Two independent groups were studied, the derivation group (n=40) and the validation group (n=100). The characteristics of the subjects in both groups have been presented in our previous studies (Table S1 in the online-only Data Supplement).21
Data Acquisition
The study procedures have been described elsewhere.21 Briefly, in the derivation group, simultaneous invasive central aortic and BAP waveforms were obtained for 20 to 30 consecutive beats to cover ≥2 respiratory cycles.
To illustrate the contributions of different frequency components (hertz) to the construction of the BAP and aortic pressure waveforms, the discrete Fourier transformations of the individual invasive brachial and aortic waveforms were evaluated to yield the average moduli and phase angles ≤9 Hz.

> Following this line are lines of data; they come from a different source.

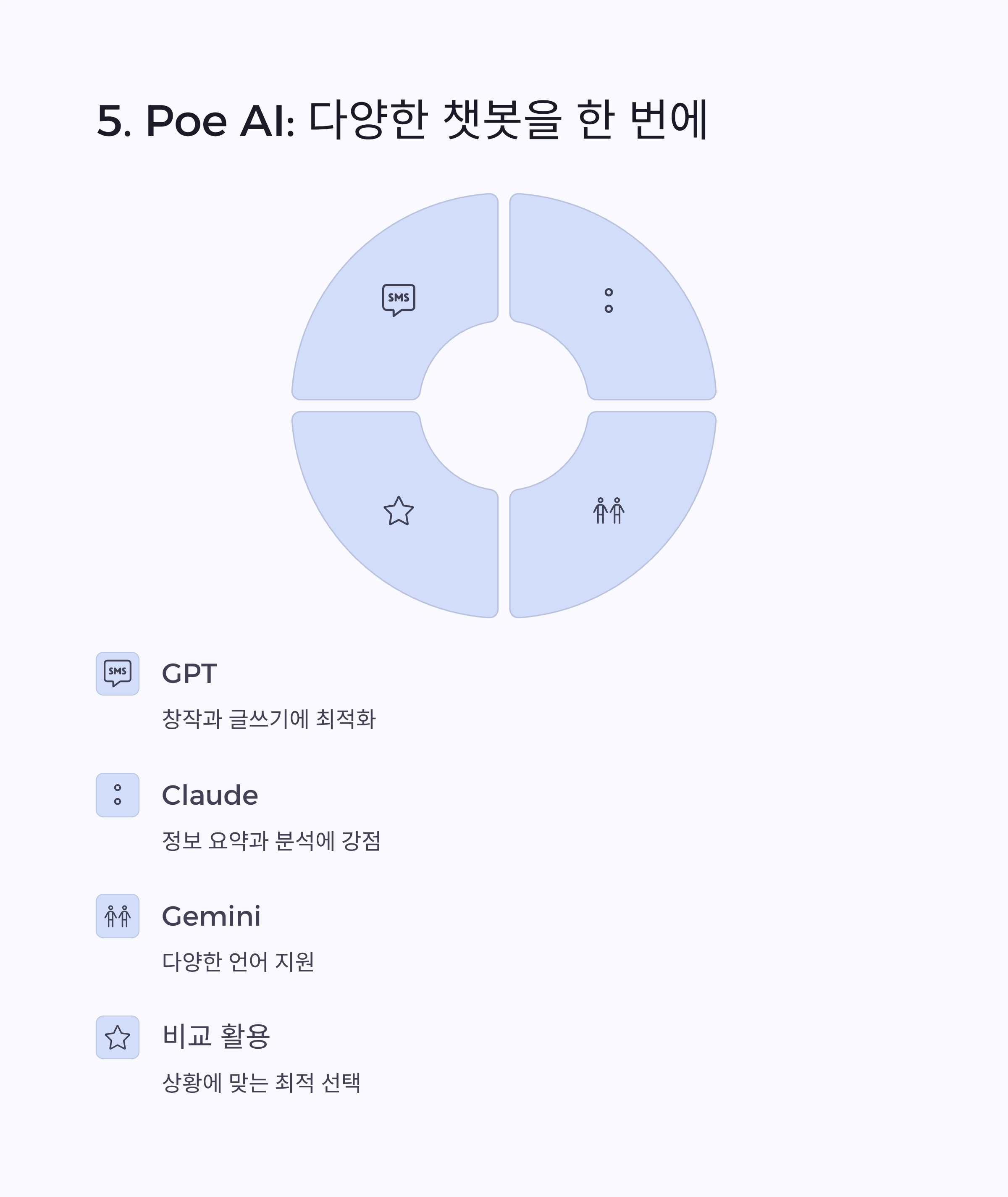 | Poe AI | 다양한 챗봇 접근 | 비교 사용, 테스트 목적 |
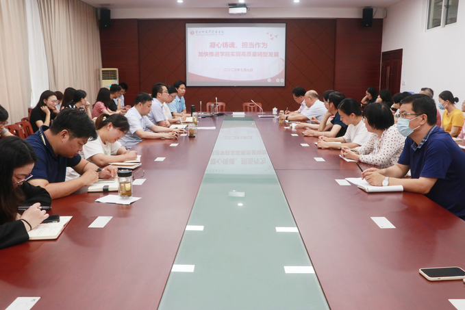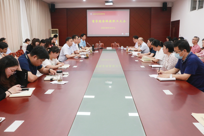 7月7日下午,商学院在逸夫楼三楼大会议室召开全体教职工大会。学院党委书记李明,党委副书记、院长殷凤春,党委副书记秦圣阳,副院长钱英、王力以及全体教职员工参加会议。会议由殷凤春主持。
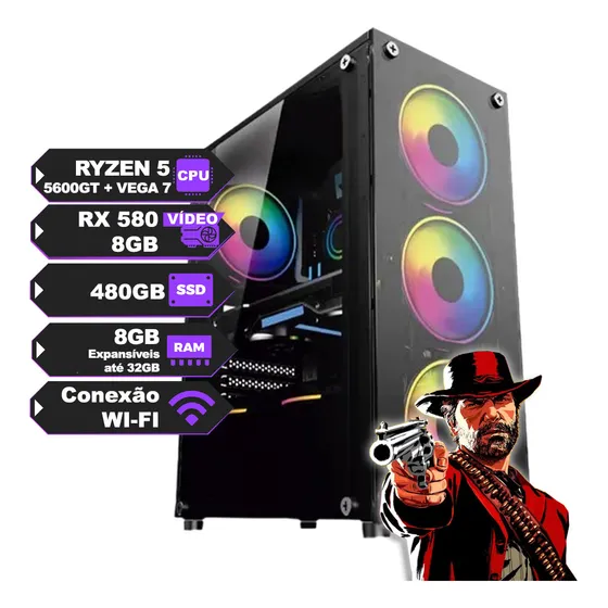 PC Gamer Completo Ryzen 5 5600GT Placa de Vídeo RX 580 8GB 8GB RAM SSD 480GB Com Wi-fi Ideal para jogos em alta performance e excelente custo-benefício

Although we derived the denominator from the derivation group by investigating the relationship between invasive BAP and central aortic pressure waveforms, only noninvasive BAP waveforms could be obtained in the routine clinical practice. Therefore, we chose to examine the accuracy of the NPMA method for the noninvasive BAP waveforms and compared the estimates with the invasively measured SBP-C. In the validation group, invasive aortic pressure waveforms were recorded simultaneously with noninvasive BAP waveforms for 20 to 30 consecutive beats. The noninvasive BAP waveform was obtained at a cuff pressure of 60 mm Hg in the left arm using a commercially available oscillometric cuff-based device (VP-2000, Colin Corporation, Komaki, Japan).17
Study Protocol
In the derivation group, by applying the NPMA method to the invasive brachial BP waveforms, we attempted to identify the optimal denominator from N=2 to 10 for defining the SBP-C. The accuracy of these different denominators to obtain NPMA method–derived waveforms and corresponding maximal values, the predicted SBP-C, was investigated. In the derivation group, we determined the optimal denominator from which the most accurate estimates could be rendered.

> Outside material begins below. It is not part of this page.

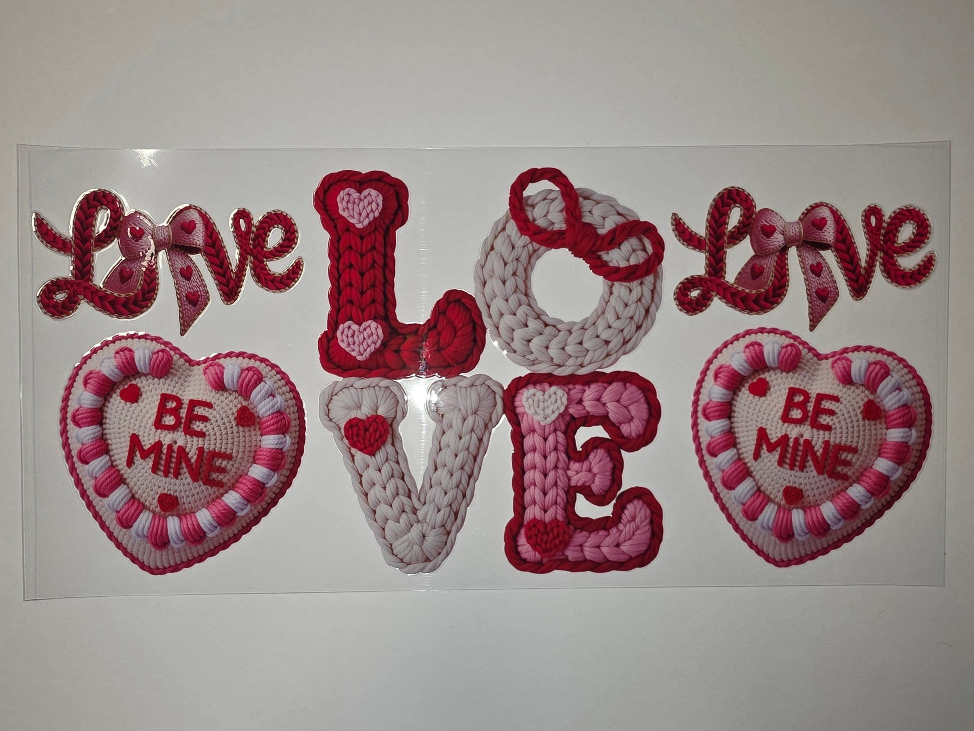 Add a touch of cozy charm to your drinkware with this adorable Valentine's Day tumbler wrap. Featuring a sweet "LOVE" design and "BE MINE" hearts in a delightful knitted texture, it's perfect for gifting or personalizing your favorite cup.

In the validation group with another 100 independent subjects, the accuracy of the NPMA method with the optimal denominator was examined.
Statistical Analyses
Data were presented as the mean±SD to assess differences between NPMA method–derived and measured SBP-C values. Furthermore, paired samples t tests and the Bland–Altman analysis were used to examine the agreement between measurements. Statistical significance was set at the 2-tailed P<0.05 level.
Results
Based on the time domain (Figure 1A) and frequency domain (Figure 1B) analyses for the ensemble average pressure waveforms, noticeable differences between the aortic and BAP waveforms were illustrated. As demonstrated in Figure 1B, frequency components >3 Hz contributed trivially to defining the SBP-C. In comparison, more high-frequency components were required to define the brachial SBP.
Comparisons of ensemble average pressure waveforms in the time domain (A) and frequency domain (B) between invasively measured central aortic and brachial pressure waveforms in the derivation group. SBP-B indicates brachial systolic blood pressure; and SBP-C, central aortic systolic blood pressure.

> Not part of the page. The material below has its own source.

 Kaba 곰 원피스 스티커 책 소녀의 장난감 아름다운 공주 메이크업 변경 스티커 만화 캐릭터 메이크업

When applied on the BAP waveforms, the NPMA with the common denominator related to the sampling frequency could differ from that proposed by Williams et al19 for radial pressure waveforms. Applying NPMA with a denominator of N/4, as previously proposed, to the invasively obtained BAP waveforms in the derivation group, we observed a difference between the NPMA method–derived and invasively measured SBP-C values of −4.6±4.1 mm Hg. Therefore, the optimal denominator from N/2 to N/10 in the derivation group should be re-evaluated. As shown in Figure 2, acting as a low-pass filter, the NPMA exerted stronger filtering effects on BAP waveforms with a smaller denominator. With the denominators of N/6 and N/4, frequency components >4 Hz and >3 Hz, respectively, were eliminated.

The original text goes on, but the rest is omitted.